Updated

Editor's note: The following is an exclusive excerpt from Professor Paul Kengor’s most recent book, "11 Principles of a Reagan Conservative."

Unlike so many presidents, Ronald Reagan made the job look easy.

Ronald Reagan was born on this day 104 years ago, on February 6, 1911. For many Republicans, Reagan’s birthday has become like Lincoln’s birthday—a time to remember one of their party’s greatest presidents. It seems that every Republican seeking office claims the mantle of Ronald Reagan. “I believe as Ronald Reagan believed,” is a typical Republican mantra.

Unlike so many presidents, Ronald Reagan made the job look easy.

This invoking of Reagan is not surprising. Politically speaking, Reagan was enormously successful. He won the presidency in 1980 by defeating an incumbent in a landslide, winning 44 of 50 states, and then got reelected in 1984 by sweeping 49 of 50 states—including the most liberal among them, from California to Massachusetts, from the entirety of the West Coast to all of New England.

He twice won blue states that Republicans today can only dream of winning. In those two elections, Reagan won the Electoral College by a combined margin of 1014 to 62, and did so when the majority of American voters were registered Democrats. Few presidents enjoyed such decisive success at the ballot box and in office generally. He left the White House with the highest public approval of any president since Eisenhower.

Reagan’s presidential success is all the more notable when juxtaposed to his contemporaries. Dating back to Lyndon B. Johnson, modern presidencies had ended in despair. LBJ, who replaced a president who was killed in office, was destroyed by Vietnam, and decided not to pursue reelection. His successor, Richard Nixon, resigned in disgrace and suffered serious mental and physical repercussions. The office depressed and debilitated Nixon. His replacement, the uninspiring Gerald Ford, was unable to win a single election. Ford promptly lost to Jimmy Carter, whose own presidency was resoundingly rejected; to this day, one senses Carter’s lingering feeling of rejection.

In the other direction, prior to Eisenhower, Harry Truman left office with an approval rating near 20%. He called the White House the “Great White Jail.” Among other 20th century presidents, the job took its toll on Herbert Hoover, Warren Harding, Calvin Coolidge, and William Howard Taft; it ruined Woodrow Wilson, to the point of Wilson suffering several crushing strokes while he was president. Franklin Delano Roosevelt died in office.

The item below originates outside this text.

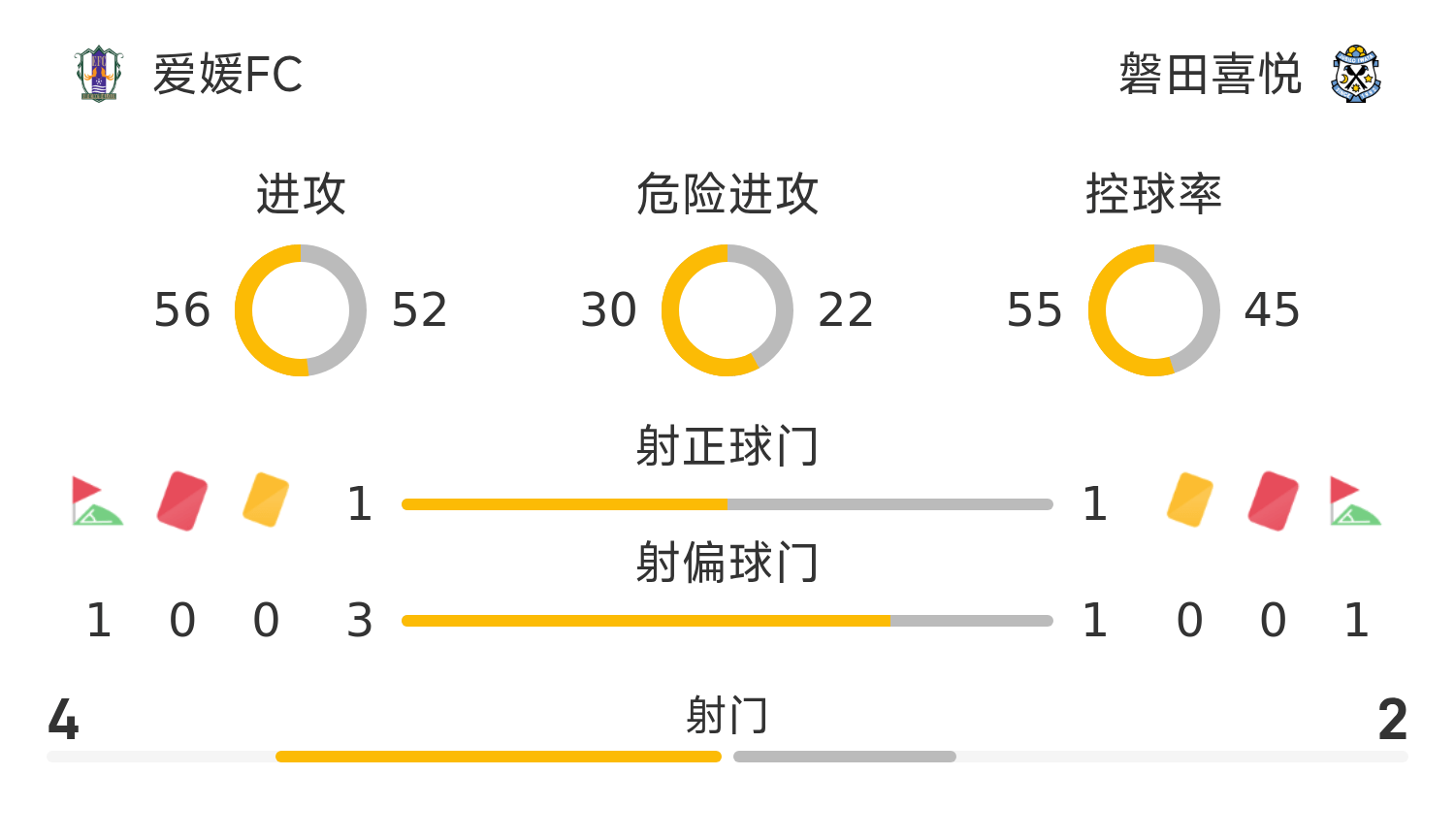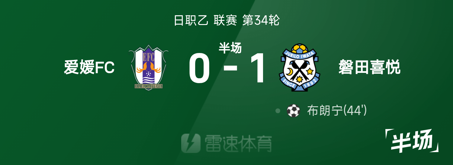 日职乙半场:布朗宁破门,爱媛0-1磐田喜悦

After Reagan, George H. W. Bush, Reagan’s vice president and White House successor, won only one term. He was defeated by Bill Clinton, who won two terms but never with more than 50% of the vote, and was impeached. Following Clinton was George W. Bush, who, though likewise winning two terms, had a very difficult presidency. A December 2006 Gallup poll done during Bush’s second term found that Americans considered George W. Bush the most unsuccessful of modern presidents, with an approval rating even lower than Carter and Nixon. Bush registered the highest disapproval of any president since Truman.

And though Barack Obama won two terms, he was the first president in history to be reelected with less popular and Electoral College votes. Obama won a bare majority of states in 2012—only 26 of them. And should we even mention counties? The county map under Reagan was a sea of red, and it remained a sea of red still under Obama.

Unlike so many presidents, Ronald Reagan made the job look easy. In fact, Reagan’s stock has only risen, continuing well beyond his tenure in the Oval Office. In that same December 2006 Gallup poll that revealed George W. Bush’s unpopularity, 64% of respondents judged Reagan an outstanding/above average president and only 10% rated him below average/poor.

Each year, Gallup releases its annual poll for Presidents’ Day, asking Americans to judge the “greatest president” of all time. Gallup began asking the “greatest president” question in 1999. Of the 13 times Gallup has done the survey, the public placed Reagan first four times—2001, 2005, 2011, and 2012—and always in the top three. Reagan typically beats Lincoln.

Many such polls could be cited. A Zogby poll released for Presidents’ Day 2011—the centennial of Reagan’s birth—which asked the public to rate presidents since World War II, listed Reagan as the “greatest,” with FDR second and Kennedy third.

Even then, Reagan’s support transcends the presidency. An extraordinary June 2005 online contest by the Discovery Channel and AOL (which included 2.4 million responses) declared Reagan the “greatest American of all time,” beating Lincoln and Washington.

Reagan also beats Barack Obama. A poll conducted shortly after Obama’s second inaugural asked Americans who they would vote for in a presidential contest between Reagan and Obama. Reagan won in a landslide, taking 58% of the vote, an even higher total than his trouncing of Jimmy Carter in 1980. Remarkably, Reagan even defeated Obama among voters aged 18 to 34, the powerful youth segment that swept Obama into the White House.

In sum, all of this is one way of helping to explain why Ronald Reagan has become the gold standard for Republican presidential nominees. What Republican would not aspire to this kind of public approval? As for liberals who poke fun at Republicans for wanting another Reagan—well, why wouldn’t they?